Network Working Group                                         M. Crispin
Internet-Draft                                  University of Washington
Document: internet-drafts/draft-crispin-collation-unicasemap-02.txt
                                                               April 2007

             i;unicode-casemap - Simple Unicode Collation Algorithm

Status of this Memo

    By submitting this Internet-Draft, each author represents that
    any applicable patent or other IPR claims of which he or she is
    aware have been or will be disclosed, and any of which he or she
    becomes aware will be disclosed, in accordance with Section 6 of
    BCP 79.

    Internet-Drafts are working documents of the Internet Engineering
    Task Force (IETF), its areas, and its working groups.  Note that
    other groups may also distribute working documents as
    Internet-Drafts.

    Internet-Drafts are draft documents valid for a maximum of six months
    and may be updated, replaced, or obsoleted by other documents at any
    time.  It is inappropriate to use Internet-Drafts as reference
    material or to cite them other than as "work in progress."
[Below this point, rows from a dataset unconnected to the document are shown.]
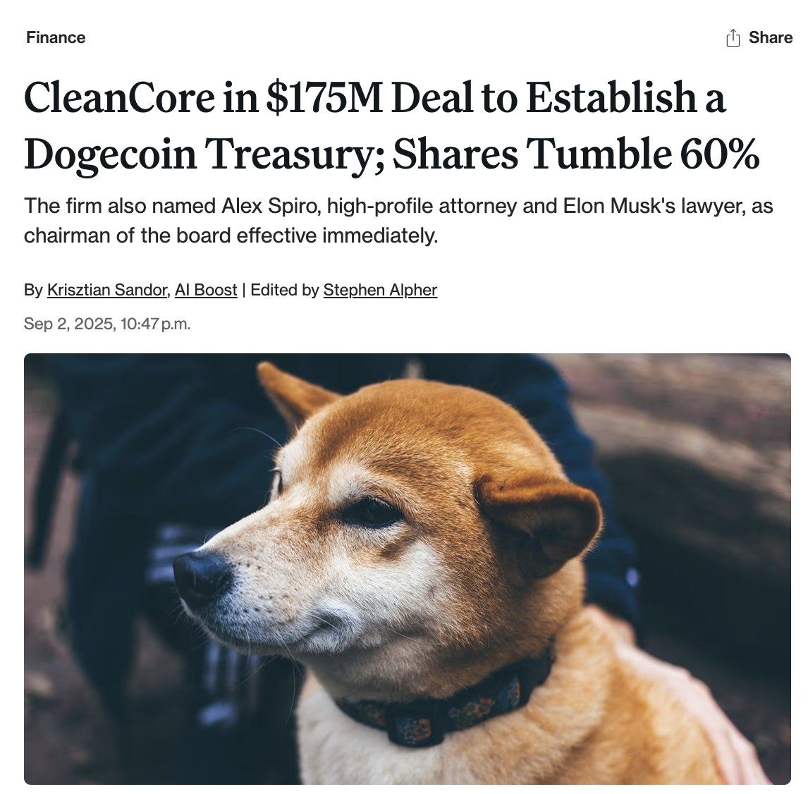 CleanCore Solution (NYSE: ZONE) 创建狗狗币财库| 资料来源:Coindesk
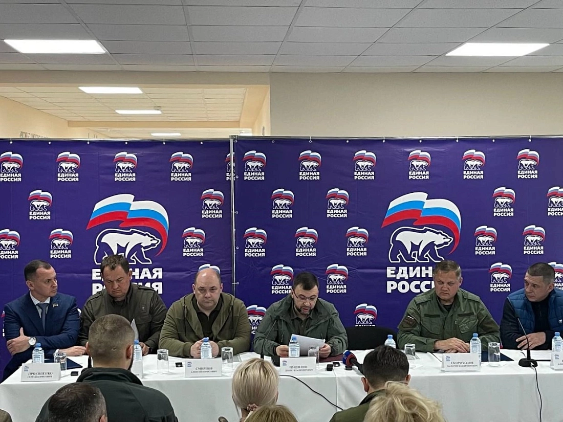На территории школы прошло заседание партии «Единая Россия». В нем принял участие глава Донецкой Народной Республики Денис Пушилин.
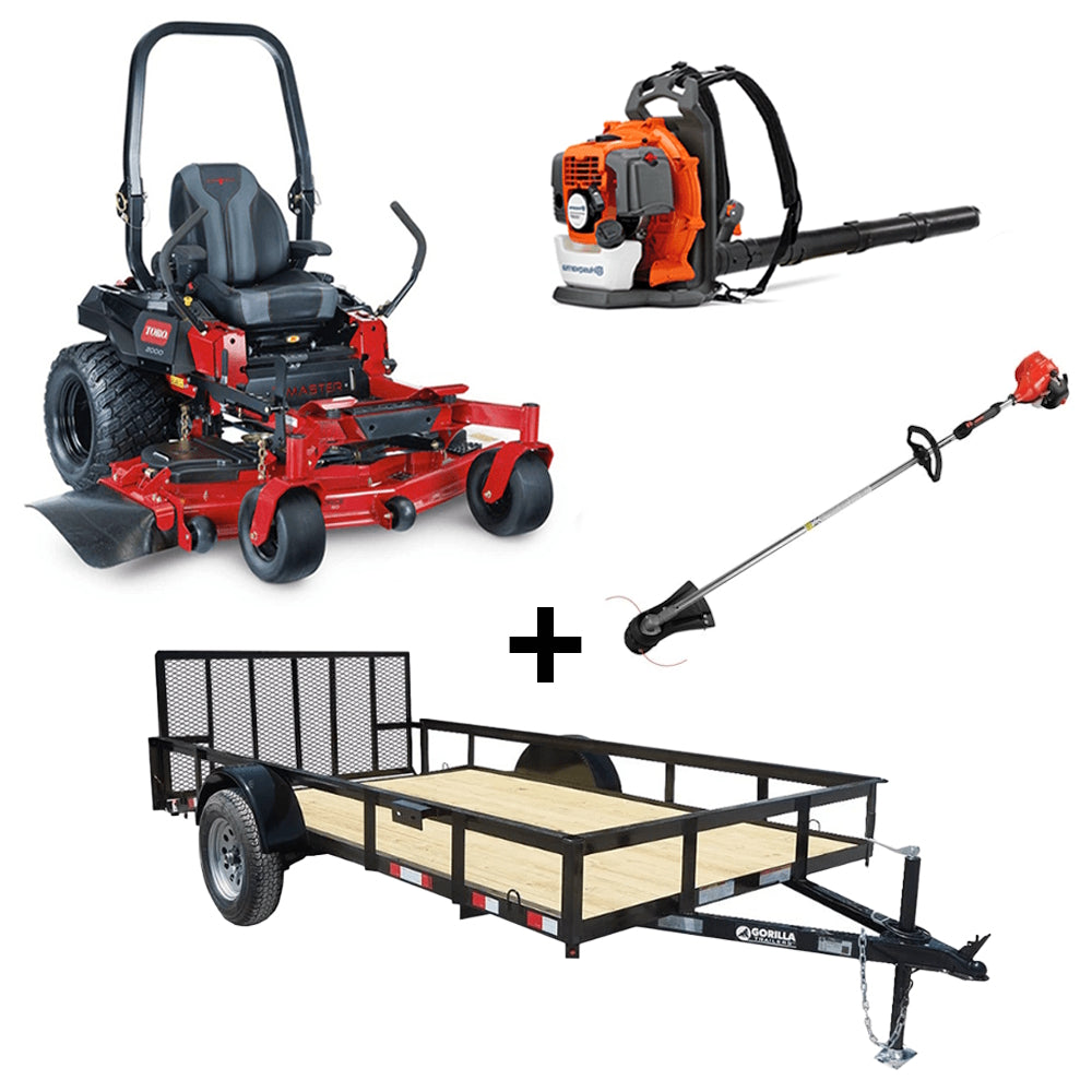 This package includes a 60-inch Toro ZMaster 2000 Series HDX Pro (77299) zero-turn mower with a 24.5-horsepower Kawasaki engine, one Husqvarna 130BT backpack blower, one 128LD straight-shaft string trimmer, and a 7-foot by 12-foot v-nose enclosed trailer.
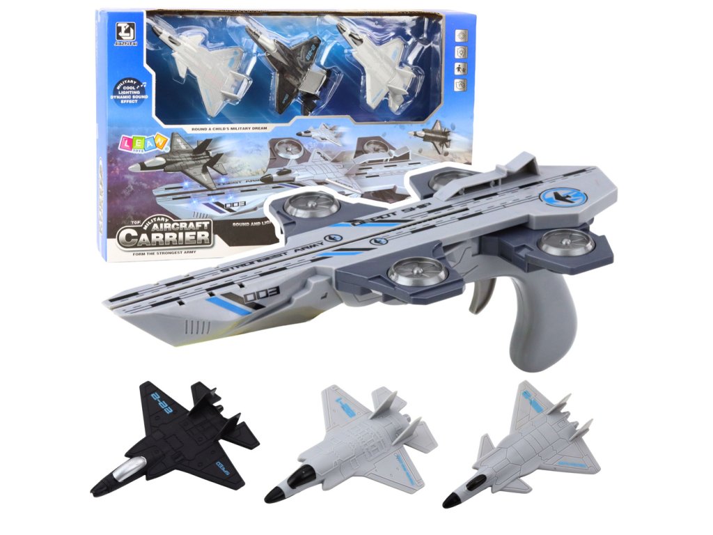 Pistole s unikátním designem inspirovaným futuristickým letadlovým nosičem umožňuje samostatné vystřelování lehkých stíhaček pomocí jednoduchého pružinového mechanismu Díky pevnému uchopení a ergonomickému tvaru dítě snadno udrží vystřelovačku v ruce, a stiskem spouště se nejen učiní let letadla, ale také zapnou světelné a zvukové efekty, které výrazně zvyšují realismus hry

    The list of current Internet-Drafts can be accessed at
    http://www.ietf.org/ietf/1id-abstracts.txt

    The list of Internet-Draft Shadow Directories can be accessed at
    http://www.ietf.org/shadow.html.

    A revised version of this document will be submitted to the RFC
    editor as an Informational Document for the Internet Community.
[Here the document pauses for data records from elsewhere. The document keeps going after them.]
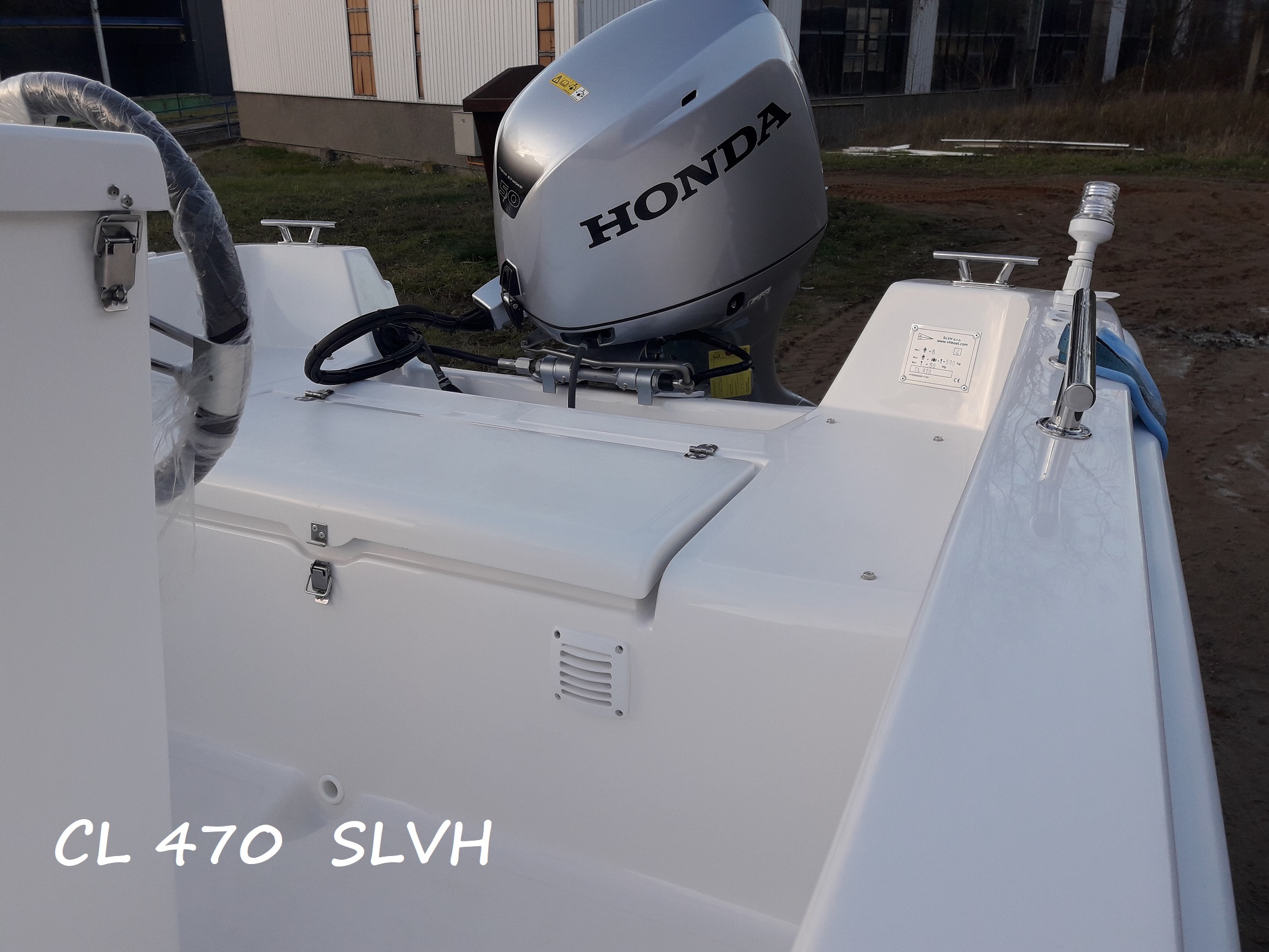 Nabízím nový, málo používaný člun CL 470 Open s motorem Honda 50 Hp - 15 motohodin v záruce ještě před "garančkou" s el. trimem.
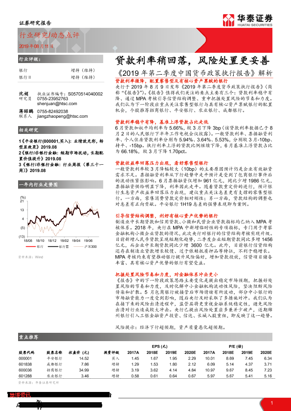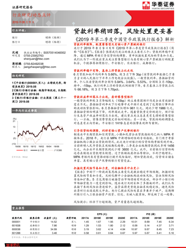 【华泰证券】【20190811】2019年第二季度中国货币政策执行报告解析:贷款利率稍回落,风险处置更妥善-3页
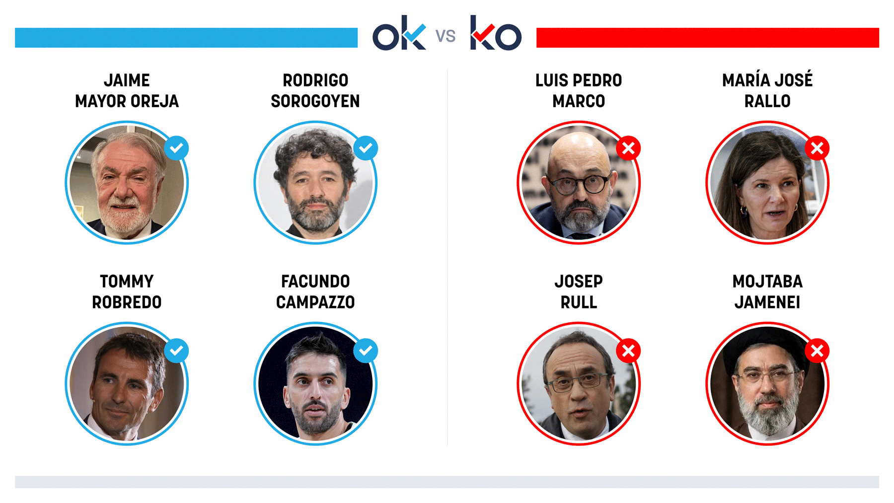 OK: Jaime Mayor Oreja Porque ha presentado su libro ‘Una verdad incómoda’ acompañado por dirigentes del PP y de Vox. OK: Rodrigo Sorogoyen Porque competirá por la Palma de Oro en Cannes junto a Pedro Almodóvar y los Javis. OK: Tommy Robredo Porque el Conde de Godó de tenis afronta una nueva edi...
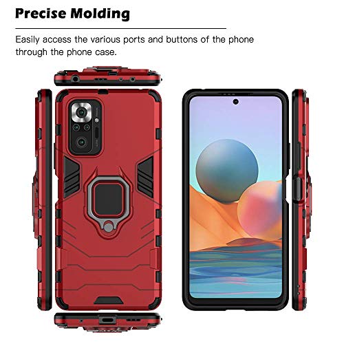 ALAMO Cover Armor per Xiaomi Redmi Note 10 PRO, Custodia TPU+PC Antiurto con Anello Supporto - Rosso
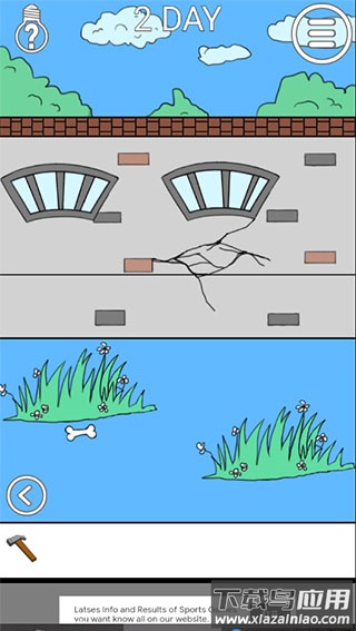 3、切换到右侧场景,用锤子敲击有裂缝的墙壁;
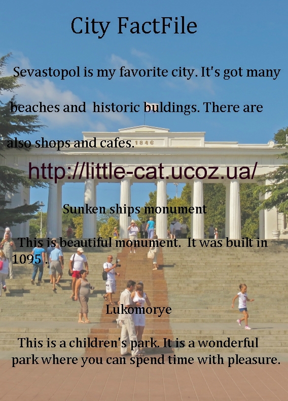 Задали сделать Project про свой город на урок английского. Надо было написать факты о Севастополе. Думаю нормально получилось:)

    A revised version of this draft document will be submitted to the RFC
    editor as a Proposed Standard for the Internet Community.  Discussion
    and suggestions for improvement are requested, and should be sent to
    ietf-imapext@IMC.ORG.  This document will expire before 10 October
    2007.  Distribution of this memo is unlimited.


Abstract

    This document describes "i;unicode-casemap", a simple
    case-insensitive collation for Unicode strings.  It provides
    equality, substring and ordering operations.


Introduction

    The "i;ascii-casemap" collation described in [COMPARATOR] is quite
    simple to implement and provides case-independent comparisons for the
    26 Latin alphabetics.  It is specified as the default and/or baseline
    comparator in some application protocols, e.g., [IMAP-SORT].
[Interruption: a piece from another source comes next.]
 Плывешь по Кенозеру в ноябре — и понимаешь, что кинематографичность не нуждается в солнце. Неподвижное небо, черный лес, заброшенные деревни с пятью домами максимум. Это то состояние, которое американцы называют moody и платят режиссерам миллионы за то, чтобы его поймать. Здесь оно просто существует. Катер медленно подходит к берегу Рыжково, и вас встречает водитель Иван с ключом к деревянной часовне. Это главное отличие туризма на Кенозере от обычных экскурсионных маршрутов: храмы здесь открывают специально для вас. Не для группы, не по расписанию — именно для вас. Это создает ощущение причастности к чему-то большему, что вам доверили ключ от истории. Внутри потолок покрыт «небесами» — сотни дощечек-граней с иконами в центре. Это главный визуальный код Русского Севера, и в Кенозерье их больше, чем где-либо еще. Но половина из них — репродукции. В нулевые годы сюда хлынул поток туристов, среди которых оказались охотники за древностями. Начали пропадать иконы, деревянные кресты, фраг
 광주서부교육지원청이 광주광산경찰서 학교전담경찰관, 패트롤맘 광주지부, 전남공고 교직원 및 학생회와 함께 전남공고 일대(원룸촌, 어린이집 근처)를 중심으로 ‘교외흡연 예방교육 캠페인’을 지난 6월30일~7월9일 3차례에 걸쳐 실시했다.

    It is possible, with a modest extension, to provide a more
    sophisticated collation with greater multilingual applicability than
    "i;ascii-casemap".

    This collation, "i;unicode-casemap", is intended to be an alternative
    to, and preferred over, "i;ascii-casemap".  It does not replace the
    "i;basic" collation described in [BASIC].


1. Unicode Casemap Collation Description

    The "i;unicode-casemap" collation is a simple collation which
    operates on [UNICODE] strings and is case-insensitive in its
    treatment of characters.  It provides equality, substring and
    ordering operations.  All input is valid.

    The algorithm that describes the behavior of this collation is
    specified for Unicode input encoded in [UTF-8].  This is for ease of
    description only.  An implementation is free to use another internal
    storage format for Unicode strings, as long as it produces the same
    result as produces by the algorithm specified in this document for
    any set of Unicode strings.

    As this collation algorithm is specified for UTF-8 strings, strings
    in other character sets and/or encodings can not be used with this
    collation unless they are first converted to UTF-8.

    Any input that is already in UTF-8 must be checked for invalid UTF-8
    sequences, such as overlong sequences.  A UTF-8 string that is
    generated from a sequence of Unicode characters according to the
    rules in [UTF-8] will not contain such invalid sequences.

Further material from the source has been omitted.